§ **DATA PROVIDED**:
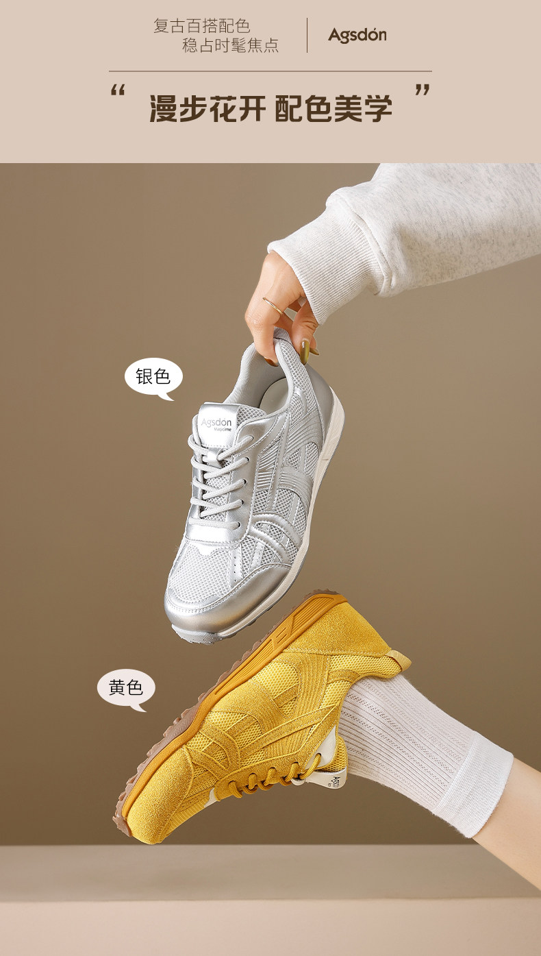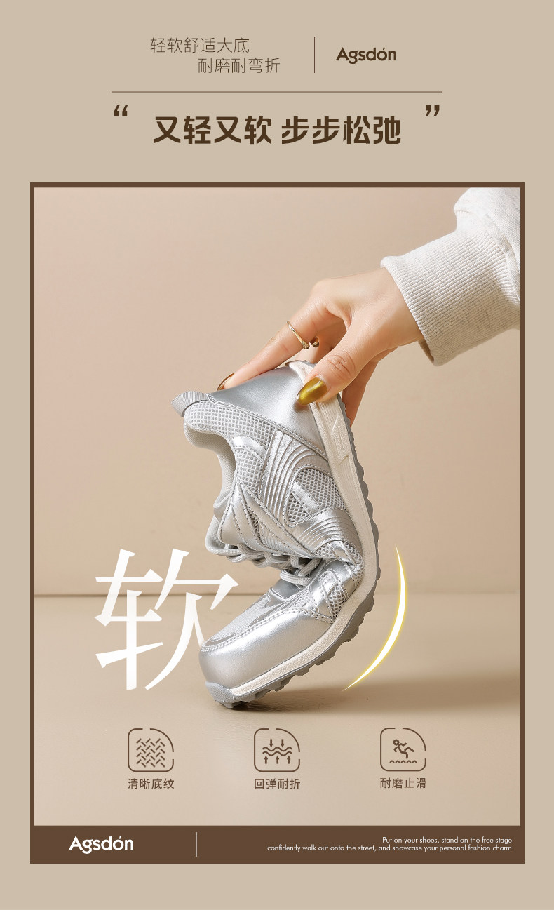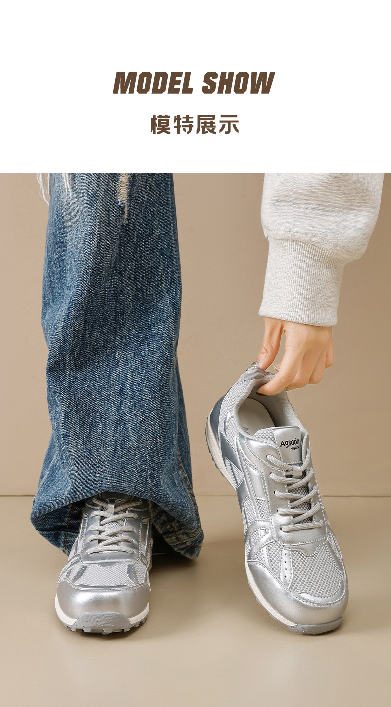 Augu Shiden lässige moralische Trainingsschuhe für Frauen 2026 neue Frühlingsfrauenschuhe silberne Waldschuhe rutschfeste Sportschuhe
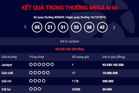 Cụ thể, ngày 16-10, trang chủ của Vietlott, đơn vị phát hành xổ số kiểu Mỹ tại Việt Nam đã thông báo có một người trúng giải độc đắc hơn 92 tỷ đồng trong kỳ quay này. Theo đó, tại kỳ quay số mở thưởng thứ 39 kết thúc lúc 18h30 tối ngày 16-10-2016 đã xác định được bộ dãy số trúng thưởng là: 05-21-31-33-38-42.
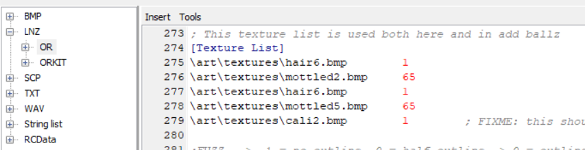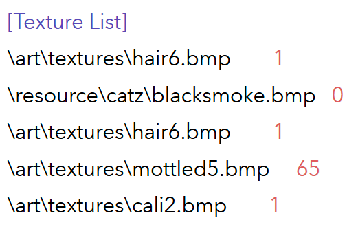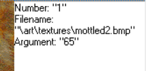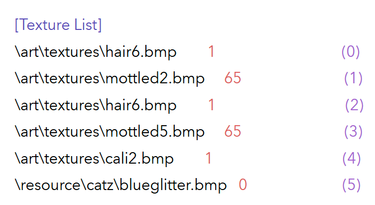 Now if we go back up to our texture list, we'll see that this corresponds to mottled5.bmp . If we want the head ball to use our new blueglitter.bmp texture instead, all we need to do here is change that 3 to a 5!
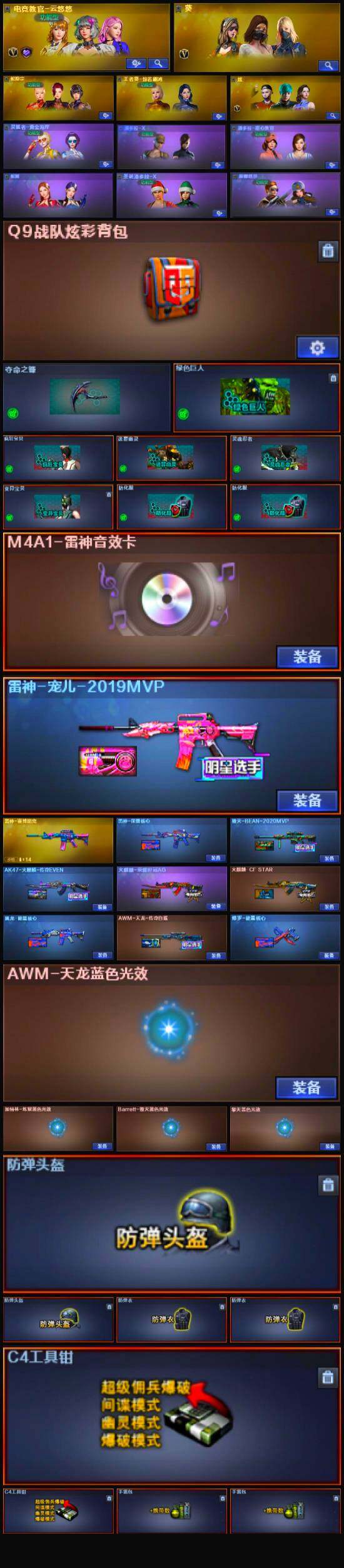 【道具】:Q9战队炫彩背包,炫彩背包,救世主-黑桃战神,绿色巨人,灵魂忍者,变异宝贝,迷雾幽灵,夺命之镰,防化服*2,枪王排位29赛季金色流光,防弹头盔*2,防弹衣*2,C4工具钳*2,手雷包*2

§ **TASK INSTRUCTIONS**: Only the pictures are to be left out; all other material is to be output exactly.

§ **EXERCISE RESULT**:
 Augu Shiden lässige moralische Trainingsschuhe für Frauen 2026 neue Frühlingsfrauenschuhe silberne Waldschuhe rutschfeste Sportschuhe
 Cụ thể, ngày 16-10, trang chủ của Vietlott, đơn vị phát hành xổ số kiểu Mỹ tại Việt Nam đã thông báo có một người trúng giải độc đắc hơn 92 tỷ đồng trong kỳ quay này. Theo đó, tại kỳ quay số mở thưởng thứ 39 kết thúc lúc 18h30 tối ngày 16-10-2016 đã xác định được bộ dãy số trúng thưởng là: 05-21-31-33-38-42.
 Now if we go back up to our texture list, we'll see that this corresponds to mottled5.bmp . If we want the head ball to use our new blueglitter.bmp texture instead, all we need to do here is change that 3 to a 5!
 【道具】:Q9战队炫彩背包,炫彩背包,救世主-黑桃战神,绿色巨人,灵魂忍者,变异宝贝,迷雾幽灵,夺命之镰,防化服*2,枪王排位29赛季金色流光,防弹头盔*2,防弹衣*2,C4工具钳*2,手雷包*2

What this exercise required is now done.